IDK man, but i would start with an array of numbers

It’s like D7.42 haha I think

Depends how many times you roll but if it’s 3 it’s probably hit or miss. It’s hard to tell.

Maybe D8 if you cut yourself a break, on the next roll ?

>>16997369
Log_x(y)=n where x is the number of faces, y is the desired probability, and n is the number of rolls. If n is a non-integer that indicates that what you're asking for is not possible with the number of die faces you have.
Eg. Log_6(100,000)= ~6.425 so there exists no number of 6-sided dice rolls that are exactly 1:100,000.
You can get closer by mixing dice. 6^6 = 46,656 so if you have 6 dice and 1 coin you end up with 1:93,312.

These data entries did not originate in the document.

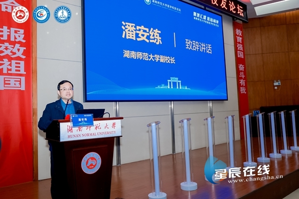 湖南师范大学潘安练副校长在致辞中深情回顾了学校医学教育的发展历程。他特别强调了当前“校友回湘”工作所面临的重大战略机遇,诚挚表达了学校期待与广大校友同心同德,共同打造医教协同、产教融合创新典范的愿景。
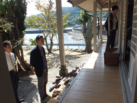 | 蛤浜を訪れた一行 | 頭ヶ島天主堂で説明を受ける一行 |
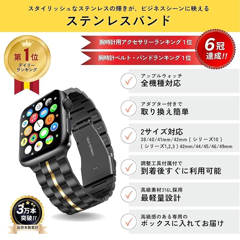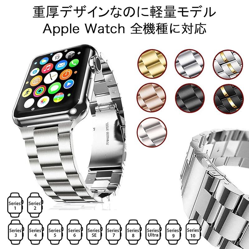 AriRi アップルウォッチ バンド ステンレスベルトはカジュアルになりすぎるラバーベルトやナイロンベルトではなく、重厚感とスタイリッシュな高級感をプラスしたアップルウォッチバンドになります。ステンレスバンドは少し重たく錆びるのが難点でしたが、AriRiのapplewatchbandは毎日着用してもストレスがなくなるように軽量化し、サビが付きにくい素材を使用することにより、その難点を改善しました。また、ステンレスバンドは腕周りの長さを調整しなければ、ブカブカになりコマをはずさなければいけませんが、調整工具を付属させることにより、商品到着後にすぐに着用できるようにしました。アップルウォッチの対応機種は、アップルウォッチ11 アップルウォッチ se アップルウォッチ ultra3 アップルウォッチ10 アップルウォッチ 9 アップルウォッチ 8 ウルトラ アップルウォッチ 7 アップルウォッチ6,アップルウォッチSE,アップルウォッチ5,4,3,2,1まで全機種に対応しており、対応サイズも38mm 40mm 41mm 42mm 44mm 45mm 46mm 49mmの全サイズ対応となります。※サイズの選び方は画像を確認お願い致します。アップルウォッチのステンレススチールバンドはラバーバンドやレザーバンドなど一緒で人気のアップルウォッチバンドです。ビジネスシーンや普段使いなど幅広いシーンで活躍してくれるapplewatchバンドになります。特に男性の方に人気がありメンズのアップルウォッチバンドといえば、レザーバンドかステンレススチールベルトと言われています。最近、スマートウォッチのアップルスマートウォッチ,スマートウォッチ ベルトのスマートウォッチ ベルトでは、ラバーバンドの素材がほとんどでしたが、ステンレススチールのバンドにすることにより、汗が目立たなかったり、汗を弾いてくれるのに、デザインがよいので、カジュアルになりすぎないデザインが人気の理由です。 AriRiアップルウォッチバンド ステンレススチールでは、オリジナルのボックスにステンレススチール専用の調整工具、アップルウォッチの画面やベルトを拭くクロスとセットでお送りさせて頂きます。
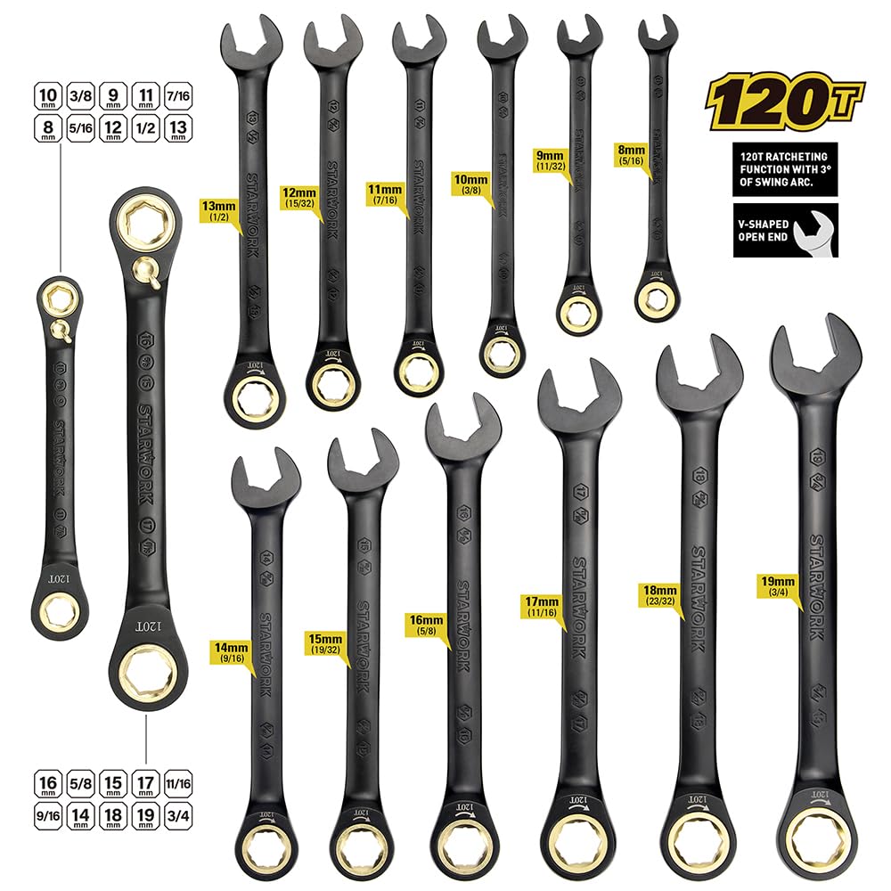 【120T ラチェット 2-IN-1 チェットレンチ】120T ラチェット機能は、わずか 3 度のスイングアークでスムーズに動作します。また、2-IN-1 の SAE とメトリックデザインにより、必要なサイズをカバーしながら、少ないレンチで済むため、コスト効率が高く、設定の種類が2倍になります。

The sort of precision you're asking for involves a parametric equation along the lines of:
A^b * C^d = 100,000 for which there are no easy, formulaic, methods to find solutions for.

>>16997369
>>16997755
Same guy. Just realized I'm retarded.
Take the prime factorization of your target. That is your set of dice.
For 100,000 that's 2^5 and 5^5. So if you had 5 coins and 5, 5-sided dice then your chance of rolling the highest (or lowest) value on all of them would be 1:100,000

You can get literally every rational probability with any dice if you allow arbitrary many rolls. For example for the 1/100000 probability with 6-sides dice you can first roll it 7 times to generate an uniformly random number from 1 to 299936 (think base 6) and then consider 1 success. 2 to 100000 as failure and reroll everything if you get a number in the 100001 to 299936 range.